» Task prompt
Below are records with pictures in them. Output exactly the lines from the one with "- Trong quá" through the one with "Smocked tops, wide-leg", both included, and leave every picture out; give only those lines.

» Supplied data

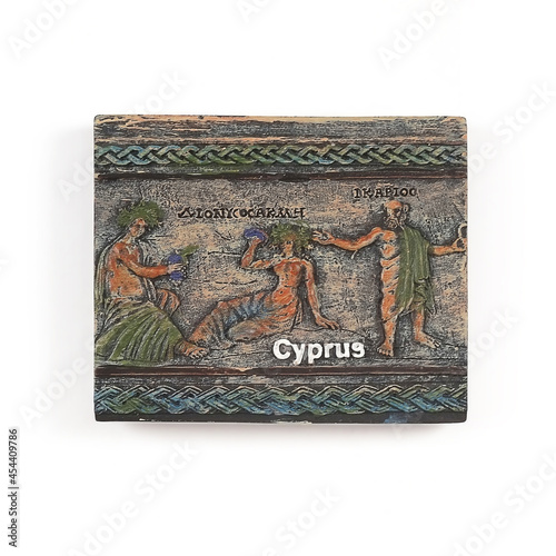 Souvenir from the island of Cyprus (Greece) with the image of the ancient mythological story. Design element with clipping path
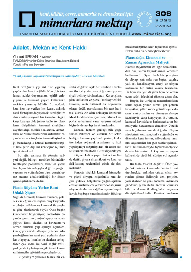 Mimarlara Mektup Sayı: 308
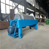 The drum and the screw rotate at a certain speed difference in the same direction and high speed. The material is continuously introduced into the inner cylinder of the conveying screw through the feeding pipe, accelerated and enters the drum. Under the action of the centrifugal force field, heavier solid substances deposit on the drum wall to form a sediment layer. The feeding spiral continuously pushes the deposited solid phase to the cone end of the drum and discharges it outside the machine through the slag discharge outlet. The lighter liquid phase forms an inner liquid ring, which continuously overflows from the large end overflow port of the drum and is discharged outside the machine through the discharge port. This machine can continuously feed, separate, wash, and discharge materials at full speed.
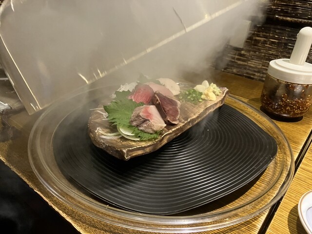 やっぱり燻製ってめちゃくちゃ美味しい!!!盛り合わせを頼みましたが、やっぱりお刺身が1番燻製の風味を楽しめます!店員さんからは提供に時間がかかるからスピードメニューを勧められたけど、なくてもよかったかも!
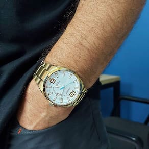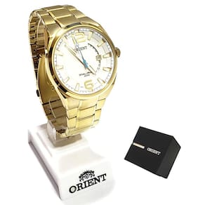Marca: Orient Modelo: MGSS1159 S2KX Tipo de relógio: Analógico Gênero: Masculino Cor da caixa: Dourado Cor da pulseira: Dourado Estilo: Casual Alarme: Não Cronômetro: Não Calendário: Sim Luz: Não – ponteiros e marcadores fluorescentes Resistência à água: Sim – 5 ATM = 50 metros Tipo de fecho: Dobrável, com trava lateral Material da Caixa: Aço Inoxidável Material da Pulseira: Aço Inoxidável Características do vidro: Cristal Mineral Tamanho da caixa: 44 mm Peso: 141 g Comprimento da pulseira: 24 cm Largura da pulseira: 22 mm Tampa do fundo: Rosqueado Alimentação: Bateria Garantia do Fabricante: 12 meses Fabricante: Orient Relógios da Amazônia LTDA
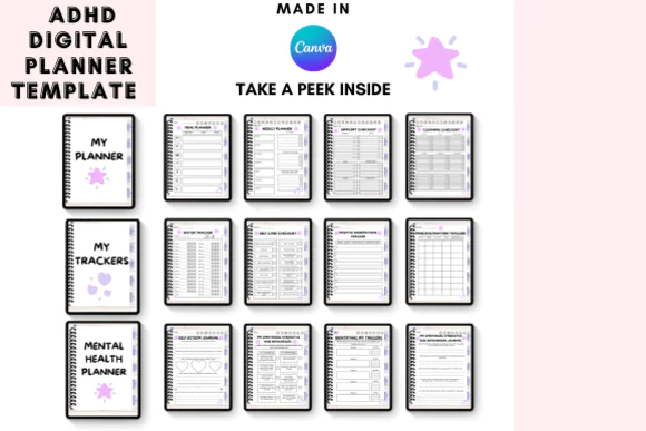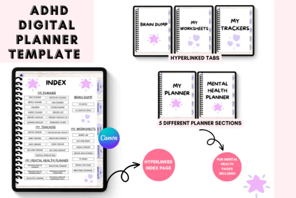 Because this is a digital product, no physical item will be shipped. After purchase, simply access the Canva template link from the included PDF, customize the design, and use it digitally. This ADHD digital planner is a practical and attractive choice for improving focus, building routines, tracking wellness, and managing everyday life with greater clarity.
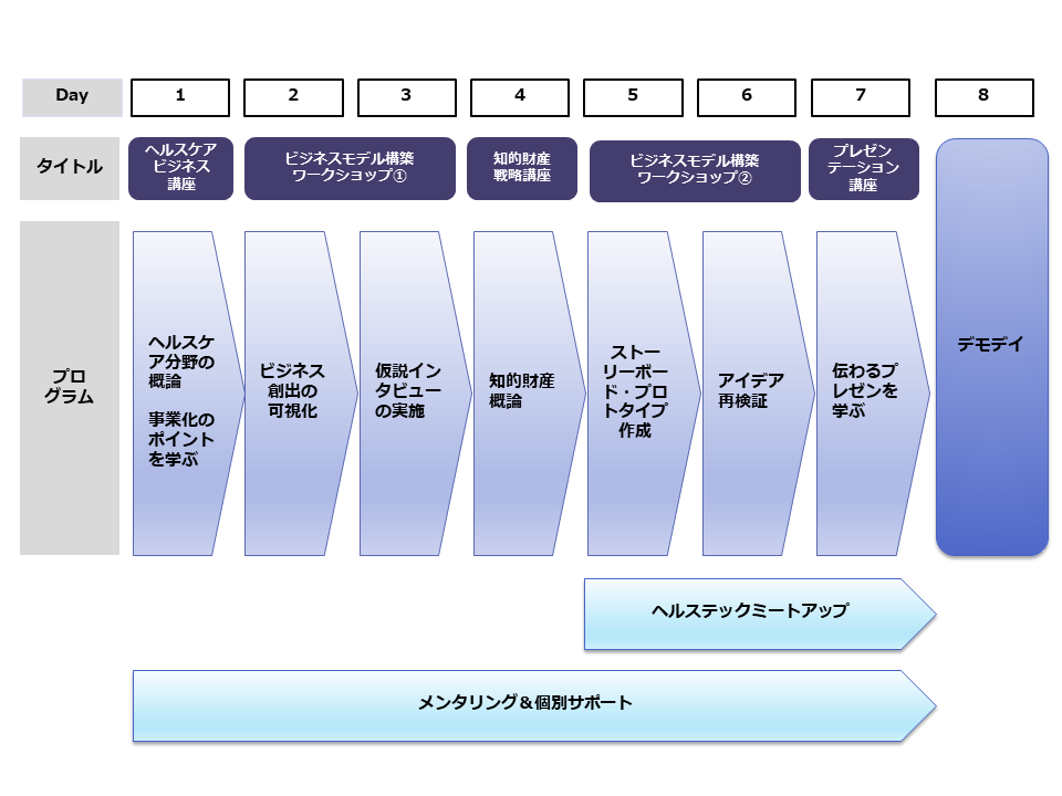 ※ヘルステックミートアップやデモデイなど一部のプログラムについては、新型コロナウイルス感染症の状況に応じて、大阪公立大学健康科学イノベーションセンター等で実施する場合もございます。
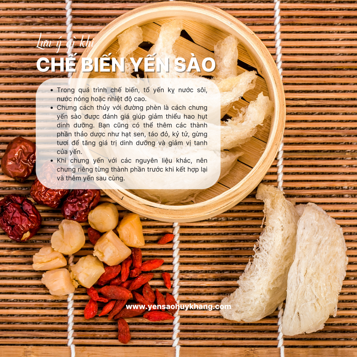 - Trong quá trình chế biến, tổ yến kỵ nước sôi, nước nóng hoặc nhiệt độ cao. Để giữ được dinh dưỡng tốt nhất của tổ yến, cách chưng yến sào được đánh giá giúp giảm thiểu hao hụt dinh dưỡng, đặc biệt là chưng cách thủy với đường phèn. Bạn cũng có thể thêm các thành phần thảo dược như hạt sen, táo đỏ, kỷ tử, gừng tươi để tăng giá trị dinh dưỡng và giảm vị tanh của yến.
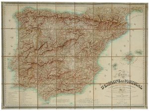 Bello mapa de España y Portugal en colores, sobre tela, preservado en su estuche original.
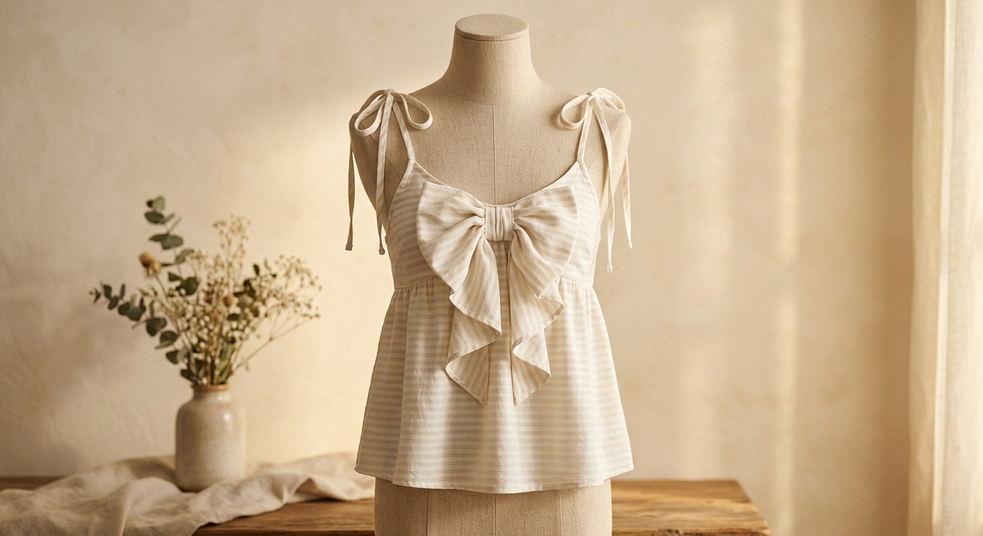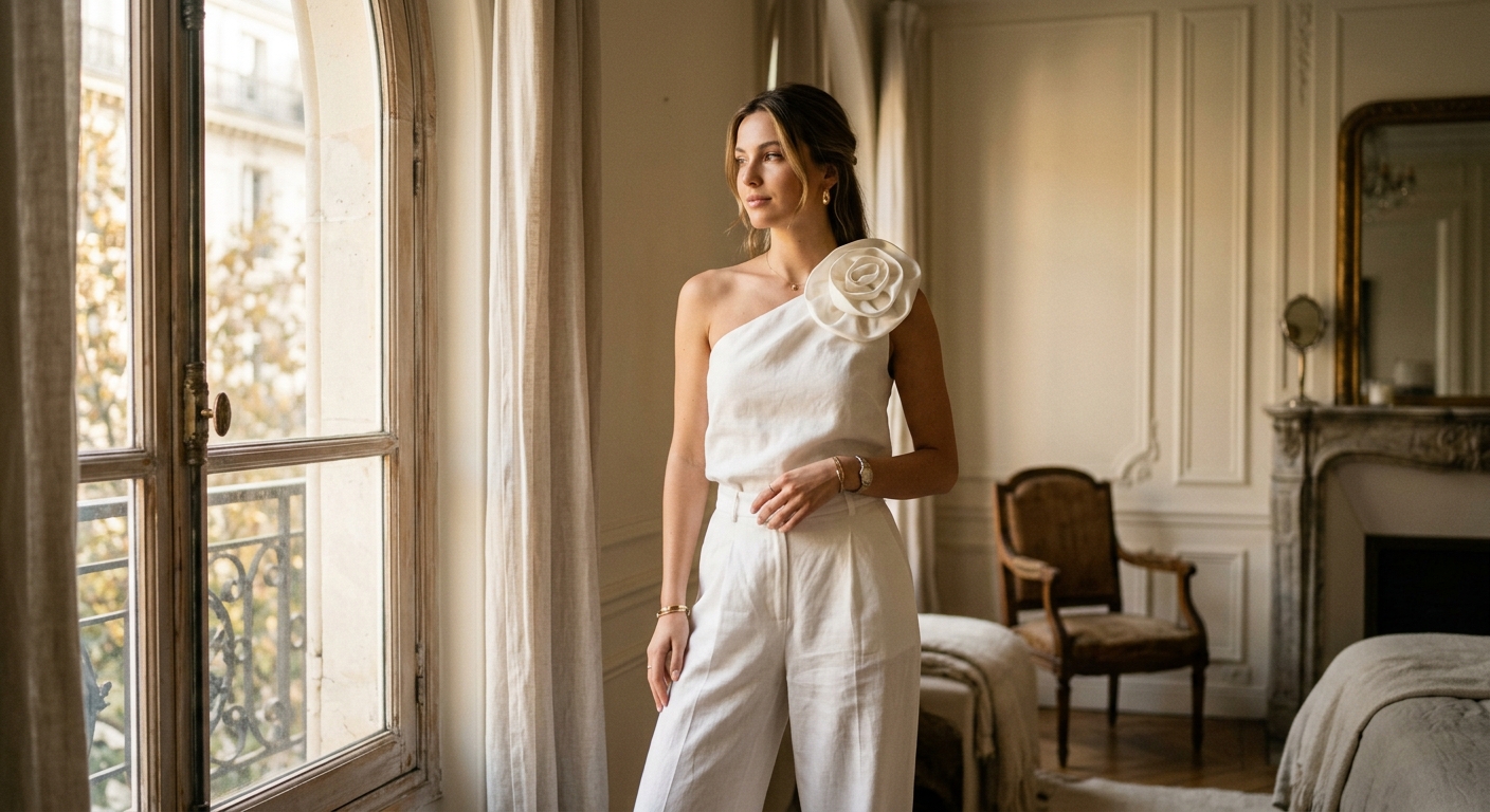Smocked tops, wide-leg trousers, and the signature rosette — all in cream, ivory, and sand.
...
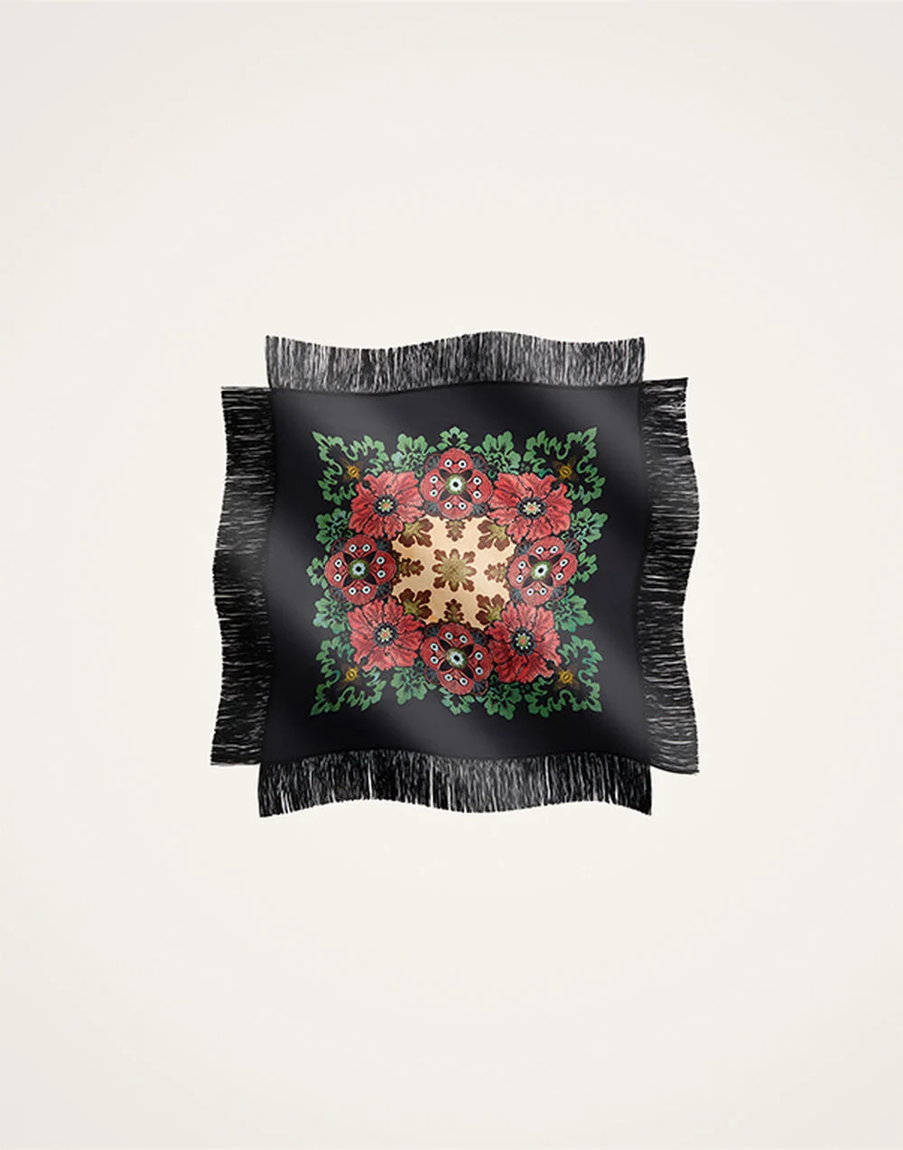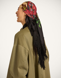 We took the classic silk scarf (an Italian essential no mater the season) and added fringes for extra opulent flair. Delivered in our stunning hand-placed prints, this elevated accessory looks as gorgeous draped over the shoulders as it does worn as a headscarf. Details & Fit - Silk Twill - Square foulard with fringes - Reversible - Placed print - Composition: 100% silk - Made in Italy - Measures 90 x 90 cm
--
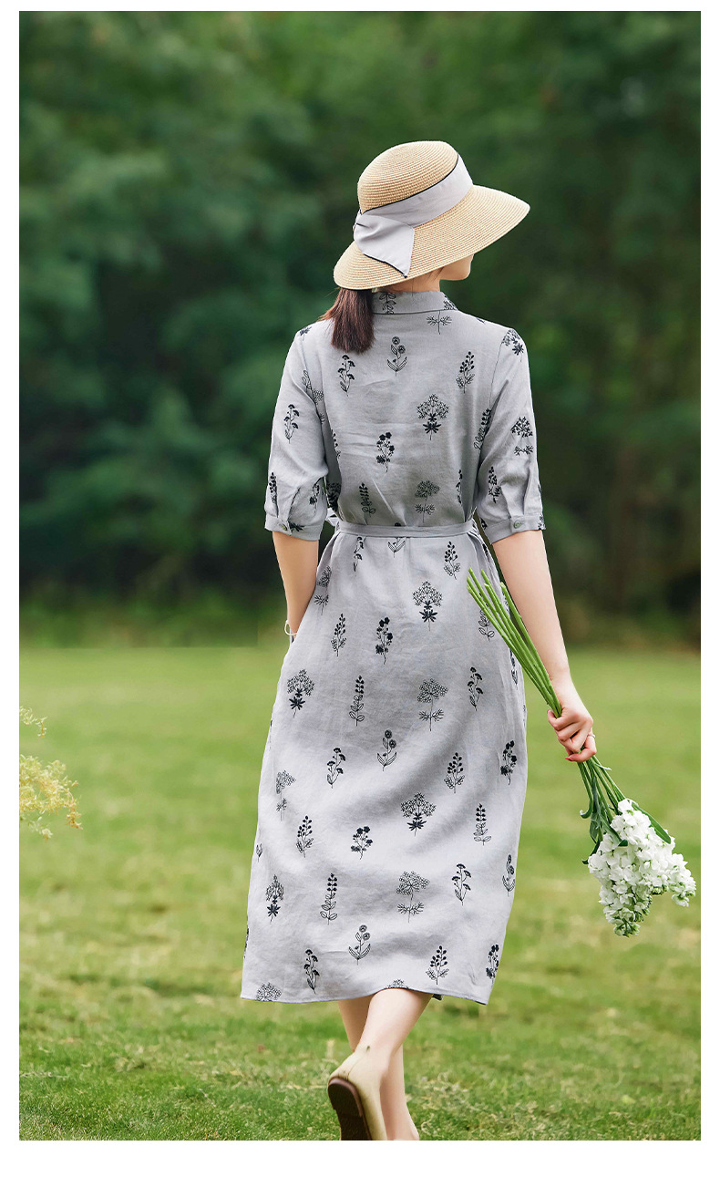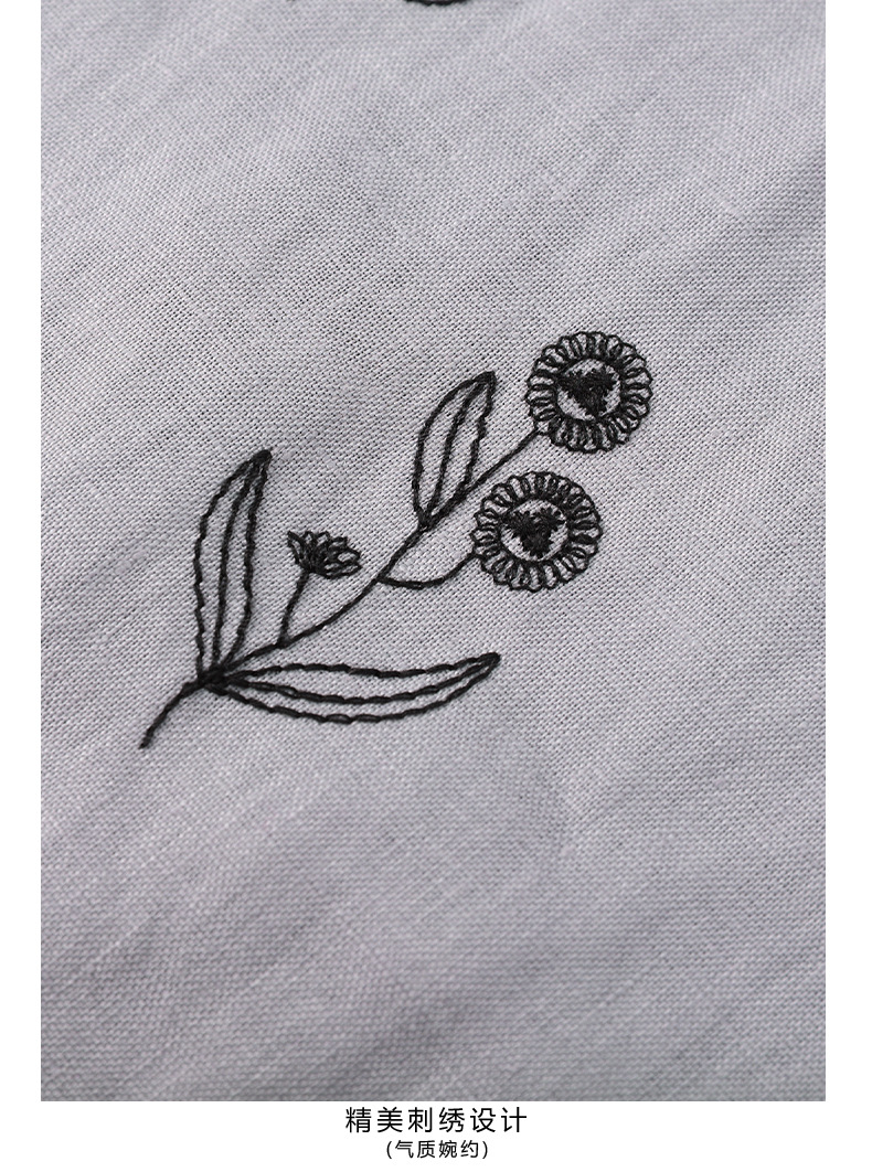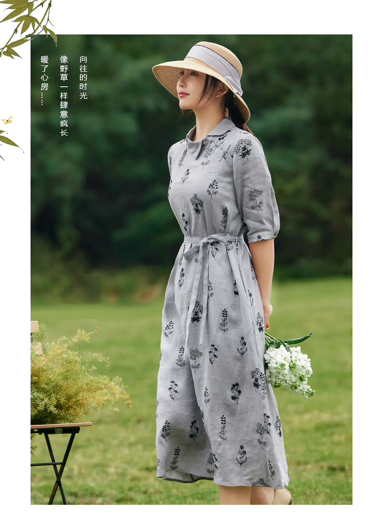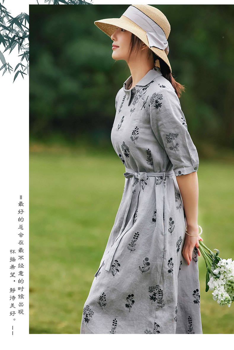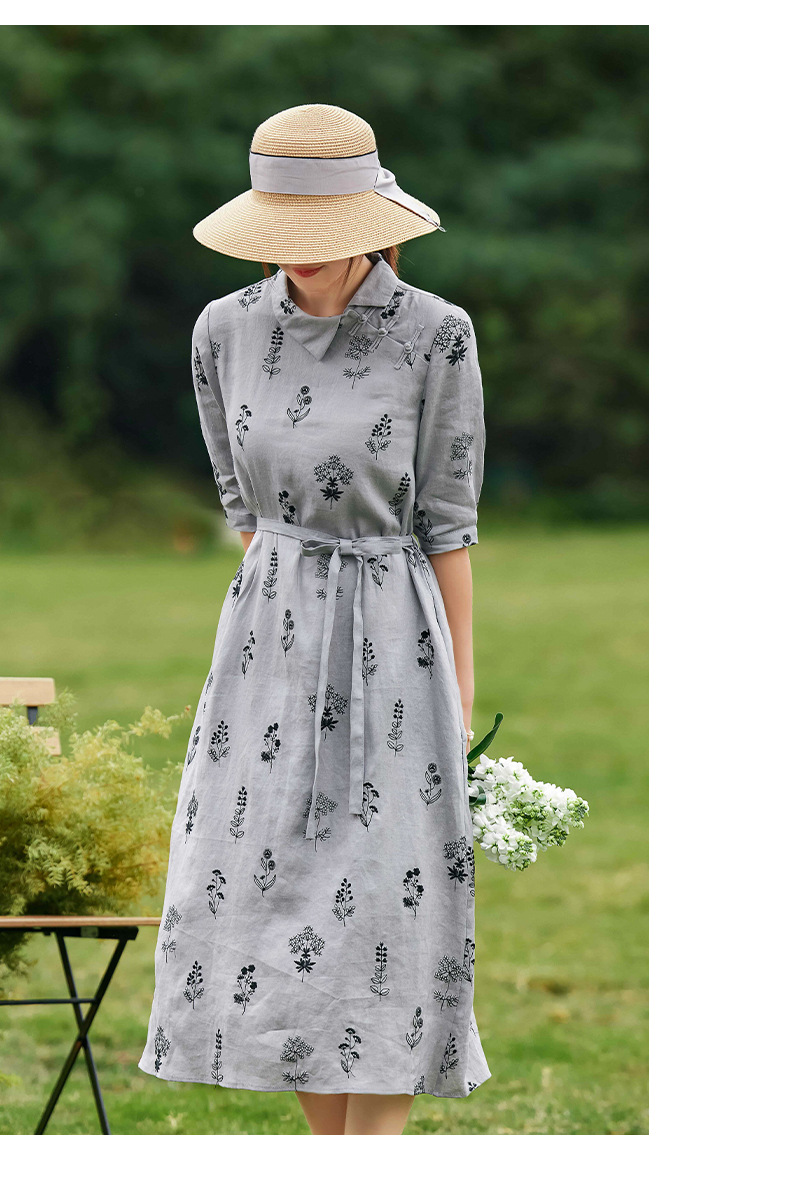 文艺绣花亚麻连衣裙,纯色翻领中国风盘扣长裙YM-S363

» Task result
 - Trong quá trình chế biến, tổ yến kỵ nước sôi, nước nóng hoặc nhiệt độ cao. Để giữ được dinh dưỡng tốt nhất của tổ yến, cách chưng yến sào được đánh giá giúp giảm thiểu hao hụt dinh dưỡng, đặc biệt là chưng cách thủy với đường phèn. Bạn cũng có thể thêm các thành phần thảo dược như hạt sen, táo đỏ, kỷ tử, gừng tươi để tăng giá trị dinh dưỡng và giảm vị tanh của yến.
 Bello mapa de España y Portugal en colores, sobre tela, preservado en su estuche original.
Smocked tops, wide-leg trousers, and the signature rosette — all in cream, ivory, and sand.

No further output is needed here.